360° room for all colours [including the bisexual ones], 2002, installed at Kunstmuseum Wolfsburg, 2004, photo: Jens Ziehe via olafureliasson.net

I haven’t ever asked why it exists, but the title, 10 Meter Cable For All Colours and the date, 2004, suggest a connection to Olafur’s 2002 work, 360° room for all colours. This curving spatial structure is filled with red, green and blue lights that shift through all the colours. It was first shown in Paris in 2002, and then in the 2004 Your Lighthouse: Works of Light, 1991-2004 at the Kunstmuseum Wolfsburg, which opened in the glare of Olafur’s Tate Turbine Hall project.

installation view zoomed in on lightbulbs and cables at Schirn Kunsthalle, Frankfurt, 2004, image: Alexander Krauss via olafureliasson.net

This unusual top-down installation view of a work which typically had a scrim ceiling shows not only the tightly packed lightbulbs in the wall, but also a thick bundle of extension cords to power them, running up and out of site.

While this work might account for why Olafur had several kilometers of electrical cable lying around the studio, it still doesn’t explain why there’s an edition.
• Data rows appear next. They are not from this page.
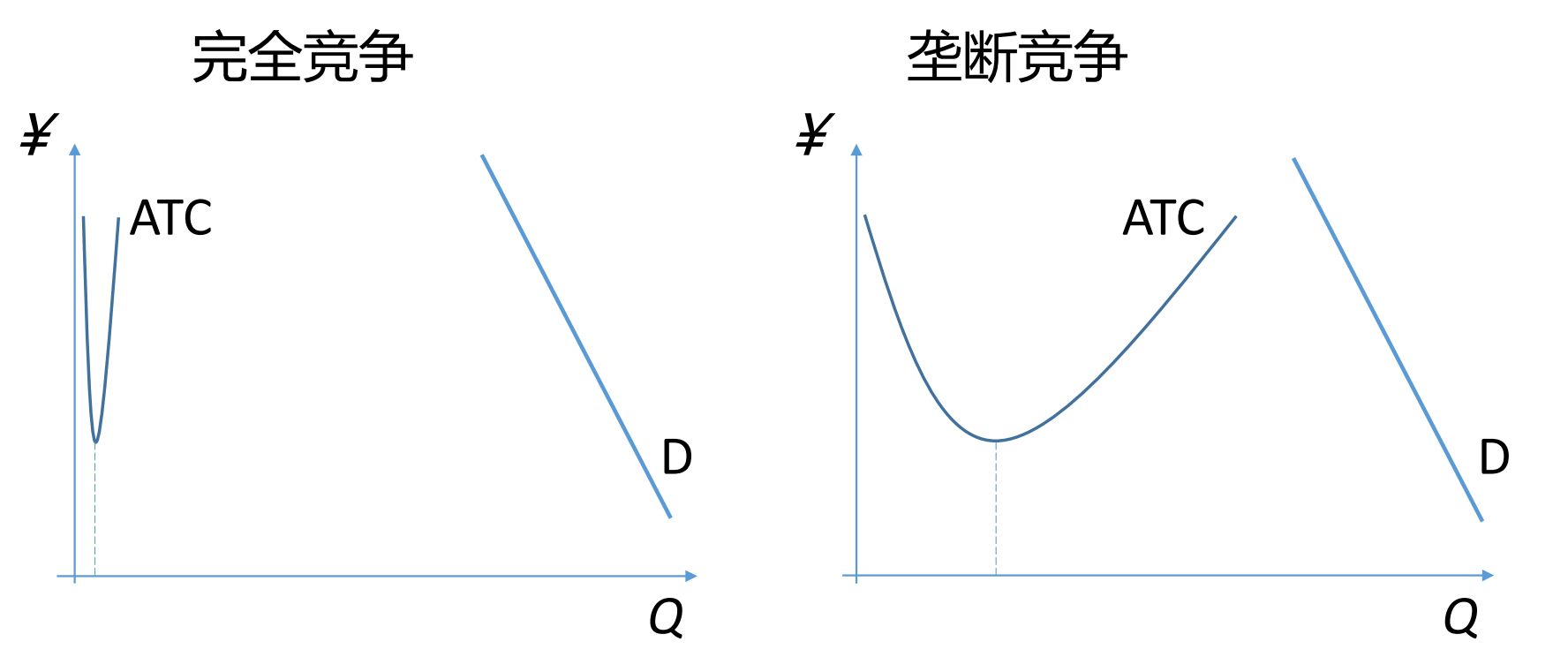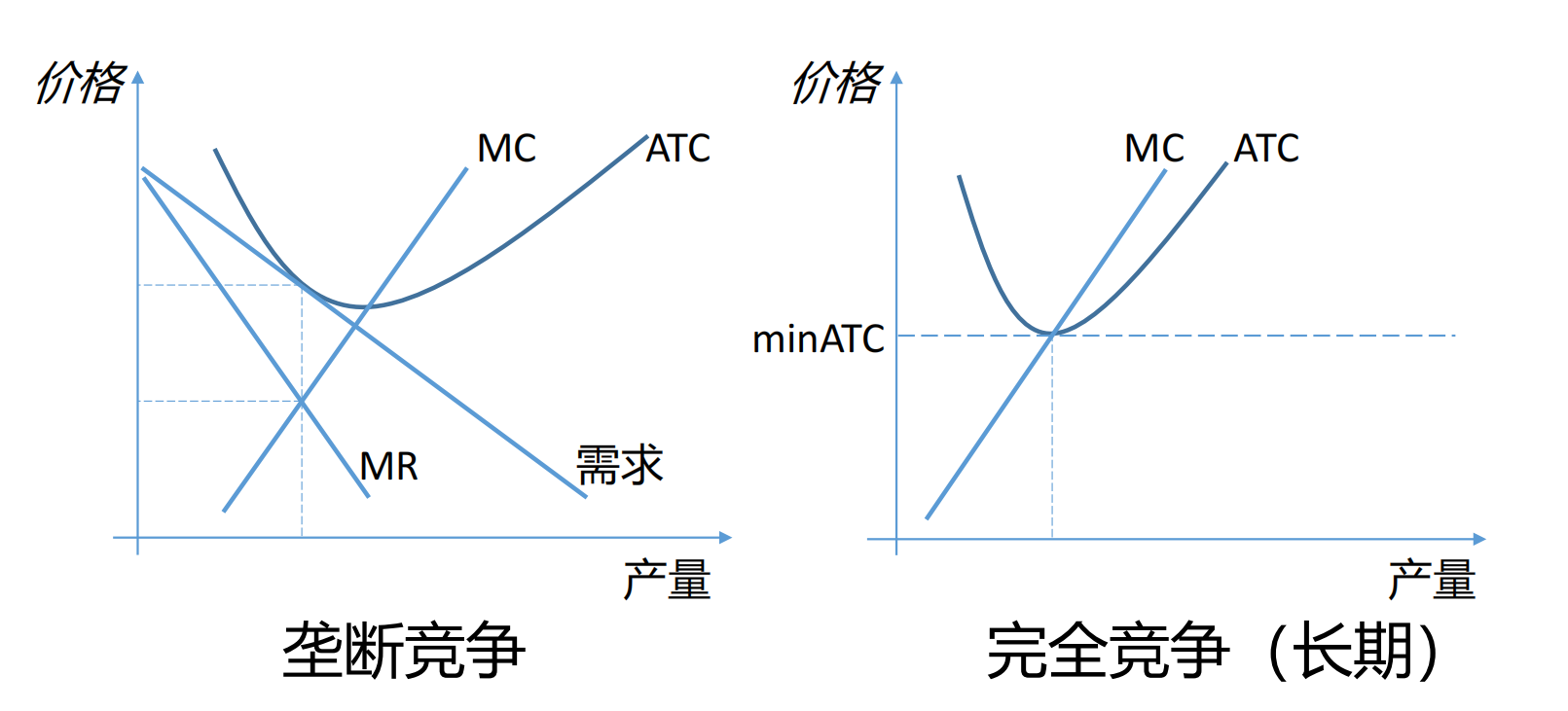 - 无论是左图的垄断竞争,还是右图的完全竞争,企业的价格(P)都正好等于其平均总成本(ATC)。
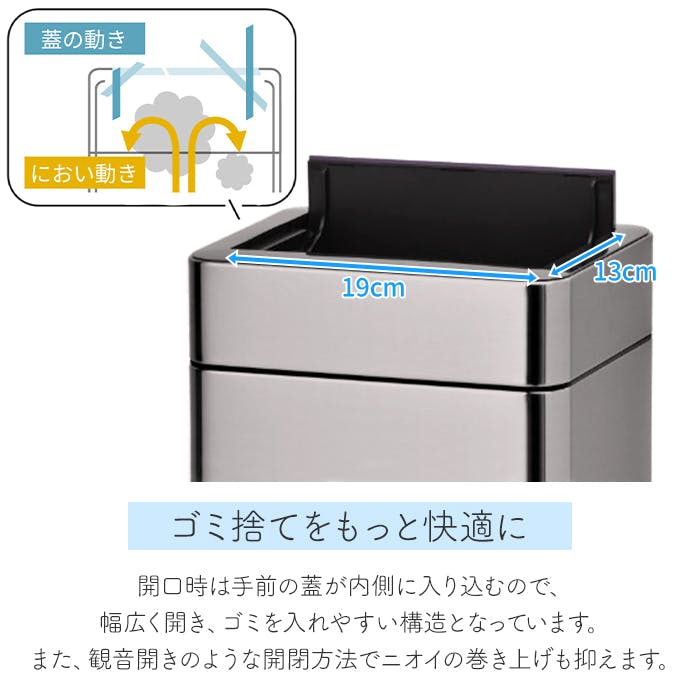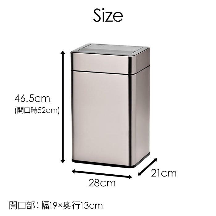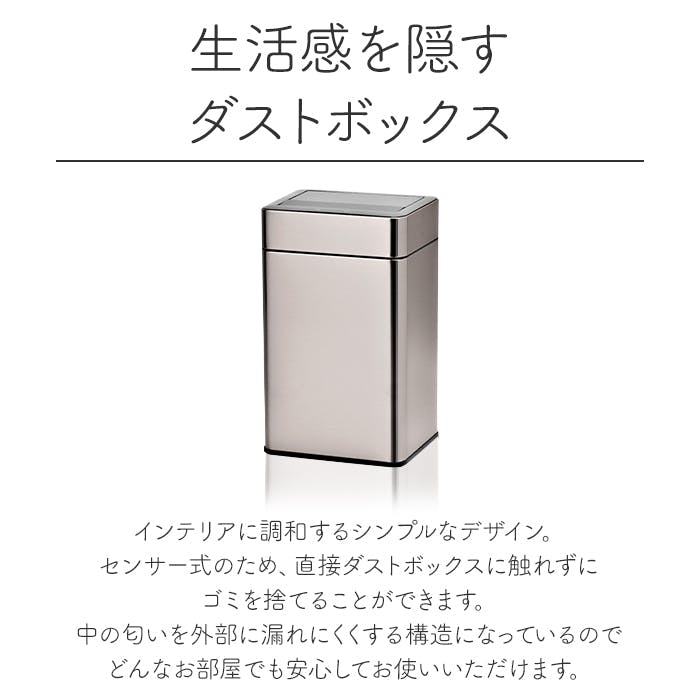 シンプルなダストボックス。センサー式なので、両手が塞がっていても、ゴミ箱に触れずにゴミを捨てることができ衛生的です。観音開きのような開閉方法で、開口時の匂いの巻き上げを抑えます。さらに、オゾン除菌脱臭機能を搭載!スイッチ1つでゴミ箱内の除菌脱臭ができます。本体サイズ+約7cm程の空間があれば蓋の開閉が可能なので、デスク等の下にも設置できます。付属のUSB充電式のバッテリーパックまたは、単3電池で使用できるので、使用場所を選ばず生活スタイルに合わせて設置が可能です。
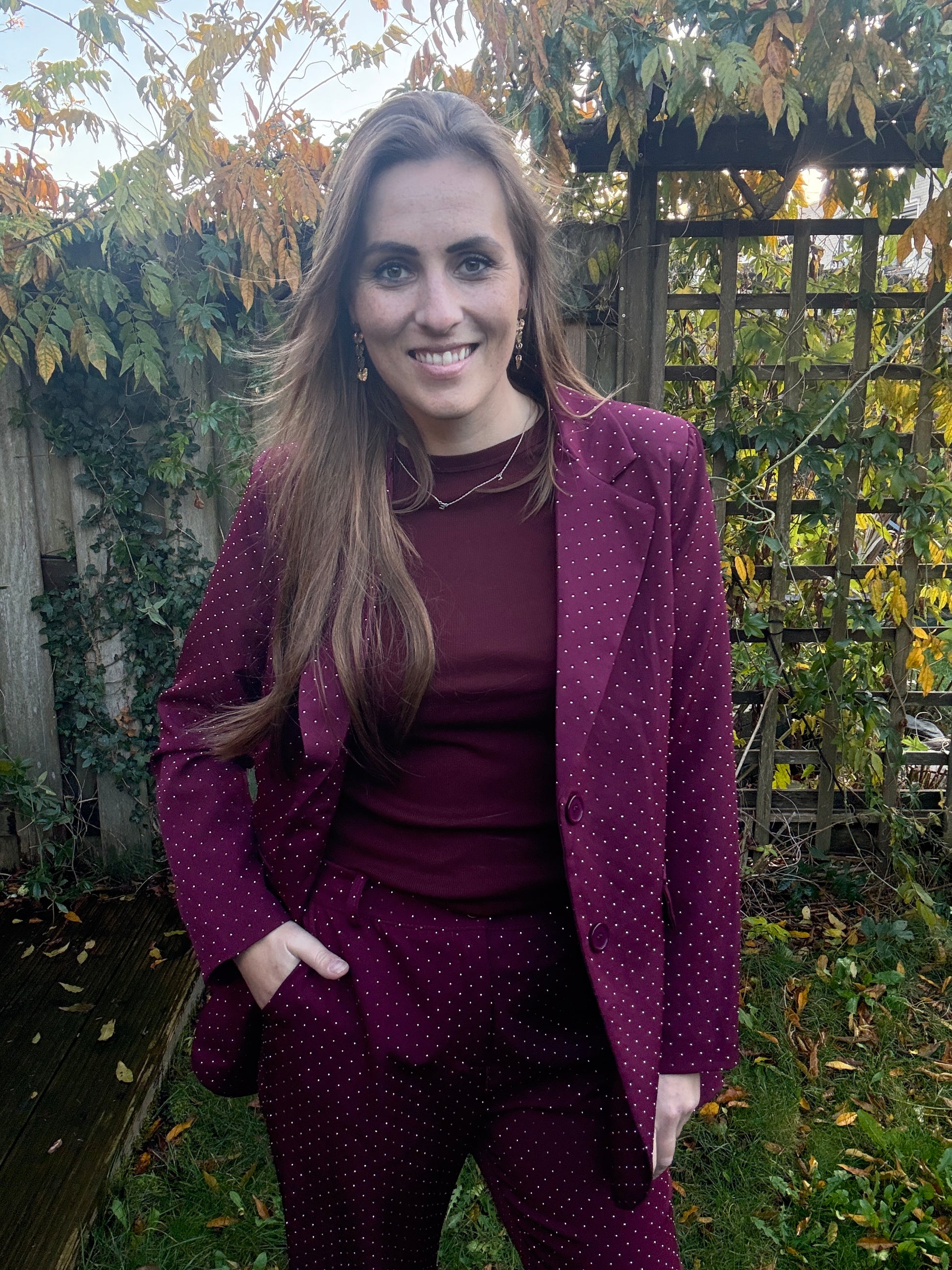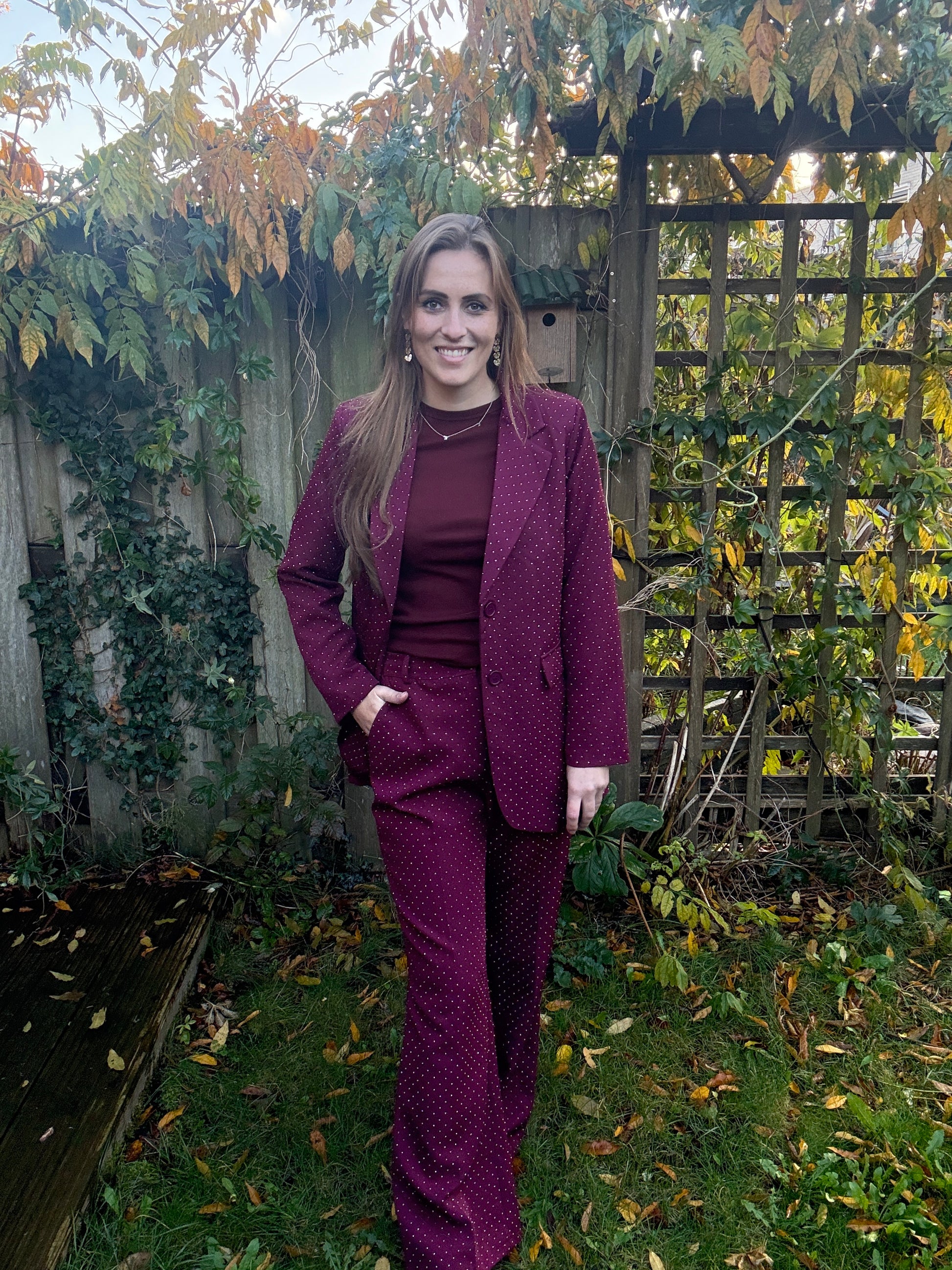 Feestelijk rode colbert met glitter steentjes, perfect voor kerst, feestjes of een speciale gelegenheid.
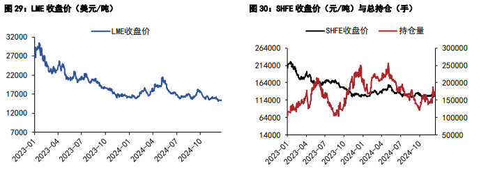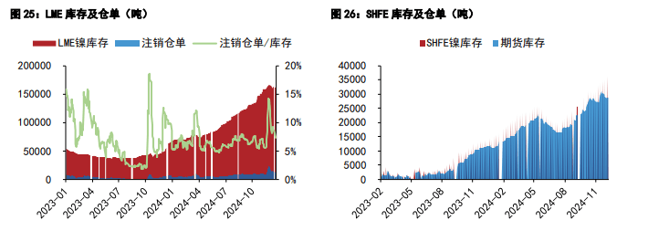 研报正文 【沪锡】 2025 年 01 月 02 日,沪锡主力合约报收 244860 元/吨,跌幅 0.81%(截止周二下午三点)。国内,上期所期货注册仓单上升 264 吨,现为 5280 吨。LME 库存上升 25 吨,现为 4800 吨。长江有色锡 1# 的平均价为 246370 元/吨。 上游云南 40%锡精矿报收 229850 元/吨。乘联会数据显示,12 月 1-22日,乘用车市场零售 169.2 万辆,同比去年 12 月同期增长 25%,较上月同期增长 14%,今年以来累计零售 2,195 万辆,同比增长 6%。乘用车新能源市场零售 81.7 万辆,同比去年 12 月同期增长 60%,较上月同期增长 4%,今年以来累计零售 1,041.3 万辆,同比增长 43%。 根据中国海关公布的数据以及安泰科折算,锡精矿进口方面,2024 年 11 月我国共进口锡精矿实物量 12136 吨,折金属量 5106.1 吨,环比小幅增长 2.2%,同比下滑 16.6%。截止 2024 年 11 月,我国累计进口锡精矿实物量 15.1 万吨,折金属量 4.8 万吨,同比下滑 5.4%。 截止 2024 年 11 月,我国共进口精锡 1.9 万吨,同比下滑 34.7%;累计出口精锡 1.5 万吨,同比增长 34.5%;累计净进口量 3488 吨。锡矿加工费再度走低,国内锡矿供应整体承压。后续预计锡价将维持震荡偏强走势,国内参考运行区间:240000-258000 元/ 吨。LME-3M 参考运行区间:28000-31000 美元/吨。 【沪镍】 2024 年 12 月 31 日,沪镍主力 2502 合约收盘跌 70 元/吨至 124750 元/吨,跌幅 0.07%。金川集团上海市场销售价格 126800 元/吨,较上一交易日下跌 700 元/吨,折算市场主流报价合约沪镍 2502 合约 10:15 盘面升贴水为+2910 元/吨。 市场方面,日内镍价震荡运行,年末结账等因素影响下,精炼镍现货成交仍暂处供需两弱状态。各品牌精炼镍现货升贴水稳中微调为主,金川现货紧缺逐渐缓解情况下,现货升水继续有明显下跌。后市看,预计镍价短期仍将维持区间震荡运行,操作上建议观望为主。
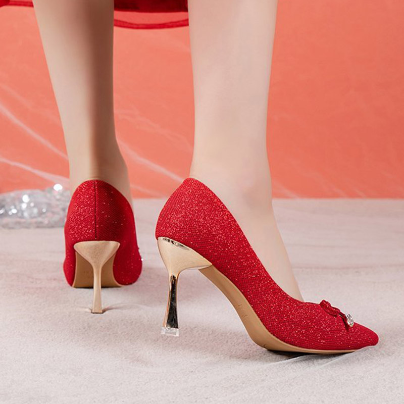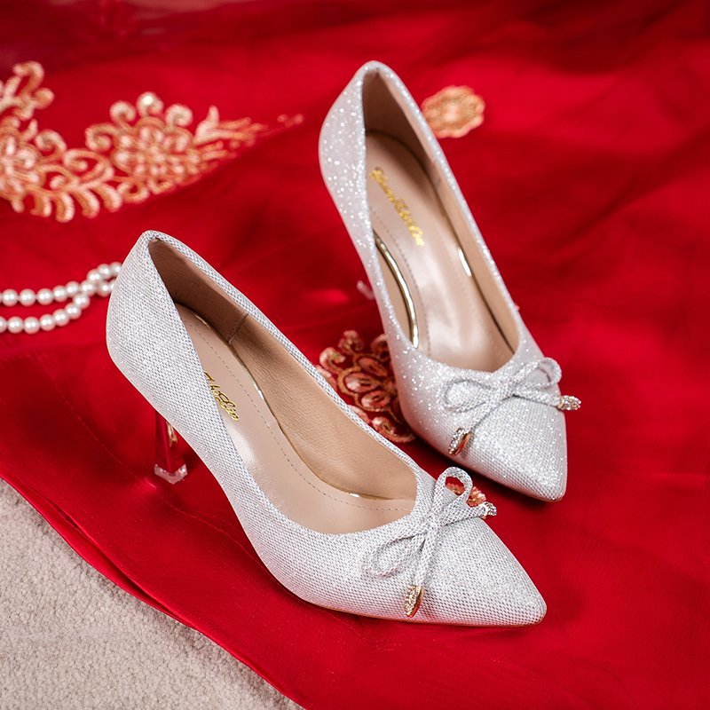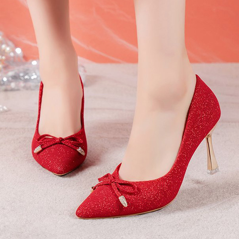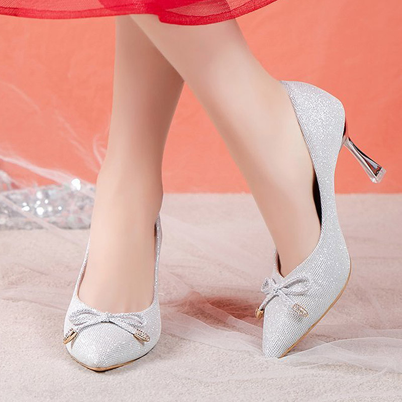 HomeWomen's Shoes Plus Size 34-42 Women Pumps High Heels Dress Shoes Women Wedding Shoes Bridal Silver Red Ol Office Lady Shoe Bow Thin Heel 9079N
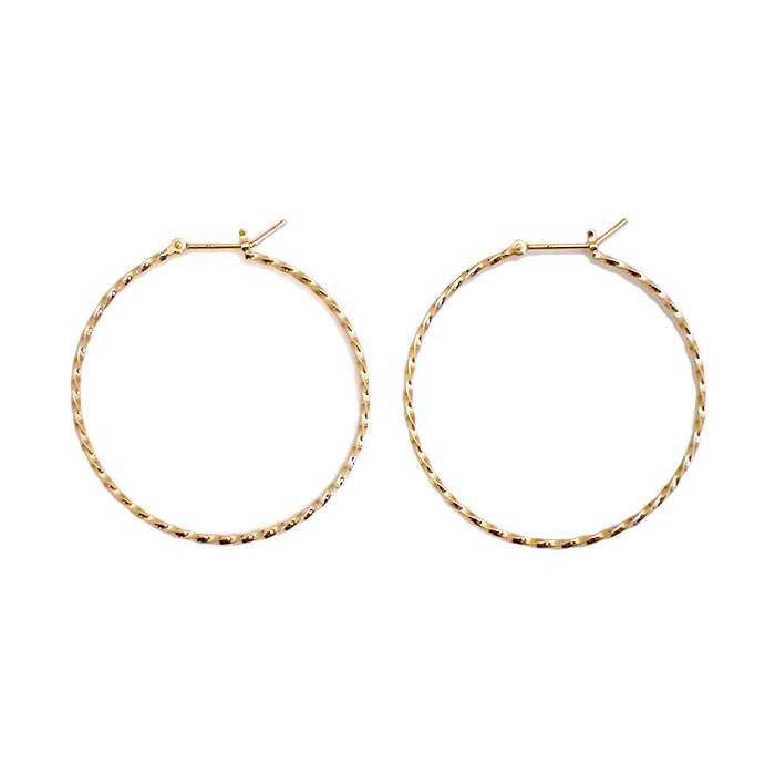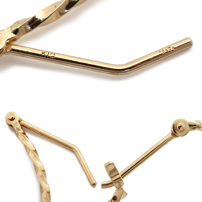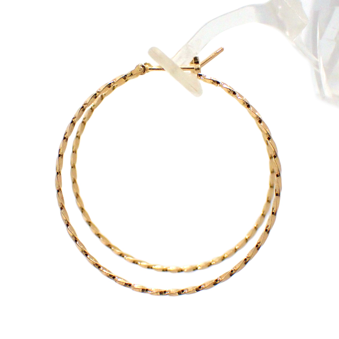 アガット(agete) K10 フープピアス スクリュー 螺旋 ツイスト ゴールドカラー
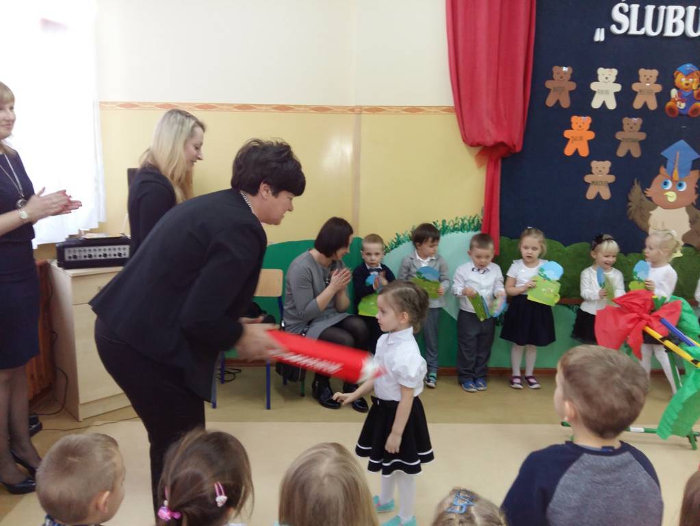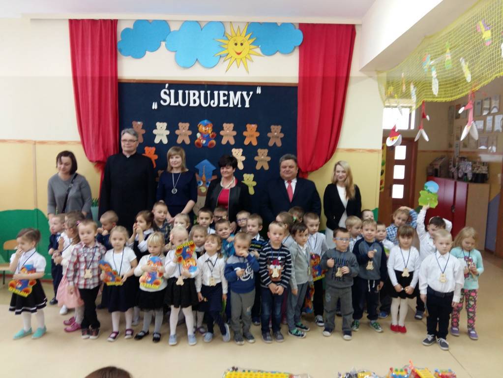 We wtorek 6.12.2016 r. w Publicznym Przedszkolu „Miś” odbyło się pasowanie dzieci 3-4 letnich. Uroczystość rozpoczęła Pani dyrektor Wiesława Anna Bilska powitaniem wszystkich przybyłych gości, a wśród nich pojawili się wójt Gminy Mirów Artur Siwiorek, proboszcz naszej parafii ks. Grzegorz Stępień oraz rodzice dzieci uczęszczających do Przedszkola „Miś”. Występ artystyczny dzieci przygotowała pani Marta Parszewska, wychowawczyni młodszej grupy „Pszczółek” . Dzieci zaprezentowały to co do tej pory nauczyły się w przedszkolu, były wiersze, piosenki i tańce. Uroczystość zakończyła się słodkim poczęstunkiem w postaci tortu. Na koniec wójt Gminy Mirów Artur Siwiorek, wręczył dzieciom z okazji pasowania, a także dnia Świętego Mikołaja prezenty dla obu grup przedszkolnych, dzieci bardzo chętnie rozpakowały zabawki i z zaciekawieniem się nimi bawiły.
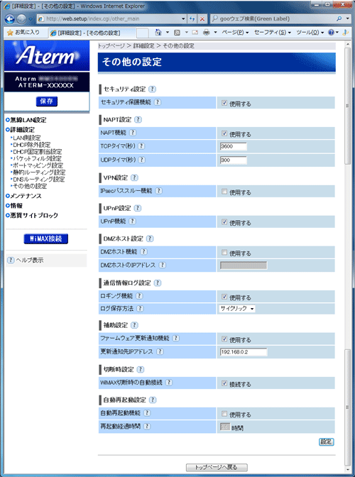 | ルータのセキュリティ機能に関する設定を行います。 |

My guess would be that a few spools of leftover cable were transformed from surplus into artwork by whatever that mysterious process is, and they were given to employees, friends, and whoever. There is a whole body of this kind of small, interpersonal edition that grows out of the studio’s practice and relationships, and I think it’s just neat.

This example, for sale in a couple of weeks at Bruun-Rasmussen in Denmark, is ed. 4/100, perhaps from someone at the top of the artist’s list. [B-R offered ed. 1/100 in 2012, which was somehow not deluxe enough to reach the DKK 30000 estimate. The current example is expected to sell for DKK6000, under USD1000, which feels like the right balance of reasonable and ridiculous, but most importantly, not too expensive to put it right to actual use.]